In September 2005, claimant began receiving treatment from Cherokee Mental *666 Health. Id. at 221-38. His treating psychiatrist diagnosed him with bipolar disorder and polysubstance abuse. He was assigned a GAF score of sixty. In October 2005, the psychiatrist reported that claimant was “generally pleased” with the benefits of psychotropic medications, but reported he had occasional visual hallucinations. Id. at 231. The psychiatrist also noted that claimant’s mood was “reasonably modulated” and that his thinking was “coherent.” Id. He assigned claimant a GAF score of fifty-five. During the course of his treatment at Cherokee Mental Health, claimant’s GAF score increased from a low of fifty to sixty-five in April 2006, and sixty in July 2006.

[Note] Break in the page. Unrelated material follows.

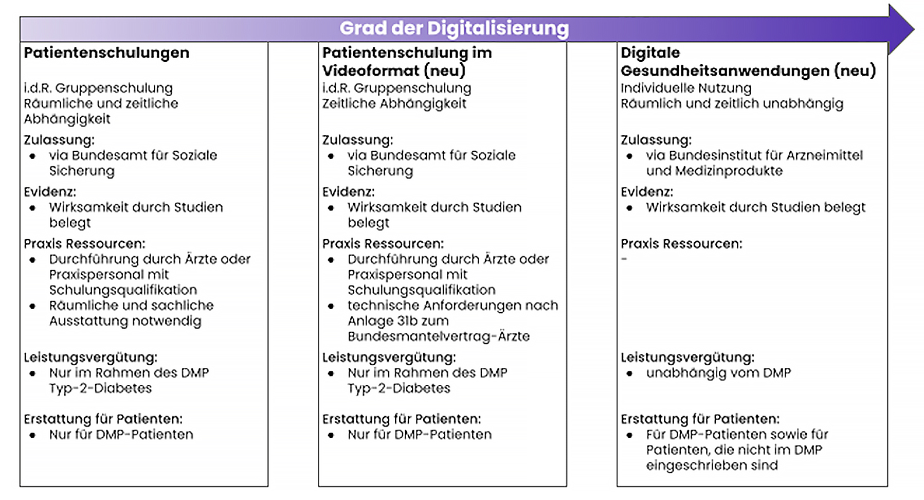 Es lohnt sich mehr denn je, sich wieder verstärkt der nicht-medikamentösen Therapie in der Praxis zu widmen. Am 9. März 2024 ist der Beschluss des G-BA in Kraft getreten, der es ermöglicht, ab sofort Schulungen ganz oder teilweise im Videoformat umzusetzen. Die Erbringung der Schulungen erfolgte bisher, im Rahmen des Disease-Management-Programms (DMP), vor Ort in den Räumlichkeiten der schulenden Praxis zu einem festgelegten Termin. Mit dem Beschluss des G-BA entfällt nun erstmals die räumliche Abhängigkeit, wodurch der Zugang zu den Schulungsangeboten erleichtert und die Schulungsrate erheblich verbessert werden kann. Nur einen Monat später, am 12. April 2024, wurde zusätzlich zur räumlichen Dimension auch die zeitliche Dimension gesprengt. Das Bundesinstitut für Arzneimittel und Medizinprodukte hat erstmals in Deutschland den medizinischen Nutzen (Senkung HbA1c) einer digitalen Gesundheitsanwendung (DiGA) für ein verbessertes Diabetesmanagement anerkannt. Dies ermöglicht eine asynchrone Basistherapie für alle Typ-2-Diabetes-Patienten, denn die DiGA Vitadio kann unabhängig von Raum und Zeit genutzt werden Des Weiteren wird die digitale Basistherapie vollumfänglich von den gesetzlichen Krankenkassen erstattet, auch unabhängig davon, ob der Patient in ein DMP eingeschrieben ist oder nicht und ist eine wichtige Ergänzung zu den Schulungsmaßnahmen.

At the hearing before the ALJ on May 9, 2007, claimant testified about his work history, symptoms and medical treatment. Id. at 239-55. He testified that he had applied for work after losing his job as a construction laborer working on a pipe crew, but had been rejected. He stated that he had tried to find employment at a body shop and mowing lawns. He testified that he was not hired because of the medication he was taking, and because he “never could show up on time [because he would] always miss the ride to work.” Id. at 245.

Claimant testified that he lived alone in a mobile home and that his sister is his only source of income. He said he gets his meals from a store near where he lives, and eats them at home. He also testified that sometimes medication helps his nerves and sometimes it does not, and that when it does not, he stays inside and sleeps and watches the news and weather on television. Later in the hearing, he testified that he cannot follow a news program because he cannot “concentrate for a real long period of time,” and that he gets “angry most of the time at the stuff that’s on TV.” Id. at 251-52.

On May 25, 2007, the ALJ found claimant not disabled. The ALJ summarized claimant’s medical treatment records and determined that: 1) claimant was not engaged in substantial gainful 4 activity; 2) claimant had several severe impairments: status post hernia repair, hepatitis B, cirrhosis, depression and a personality disorder; 3) claimant’s impairments are not of listing severity; and 4) claimant is unable to perform past relevant work.

The ALJ then determined that claimant had no physical limitations, but some mental limitations: “[H]e would be able to remember and carry out simple instructions; however, would have moderate limitation in detailed instructions but still can do [sic]; [he is] able to interact with general public at times but still can do [sic] and is able to respond to routine changes.” Id. at 19. The ALJ determined that claimant’s subjective complaints were not entirely credible, noting his history of treatment, the reports of the treating and examining medical sources, and the inconsistencies in claimant’s testimony. The ALJ lastly determined that there are jobs in the national economy that claimant could perform.

The ALJ’s decision became the final decision of the Commissioner when the Appeals Council denied claimant’s request for review on September 24, 2007.

Claimant subsequently filed the present action with the district court, which overruled claimant’s objections and adopted the Report and Recommendation of the Magistrate Judge finding that the ALJ’s decision was supported by substantial evidence. The district court denied claimant’s motion for summary judgment and granted defendant’s motion for summary judgment. This appeal, over which we have jurisdiction under 42 U.S.C. § 405(g) and 28 U.S.C. § 1291, followed.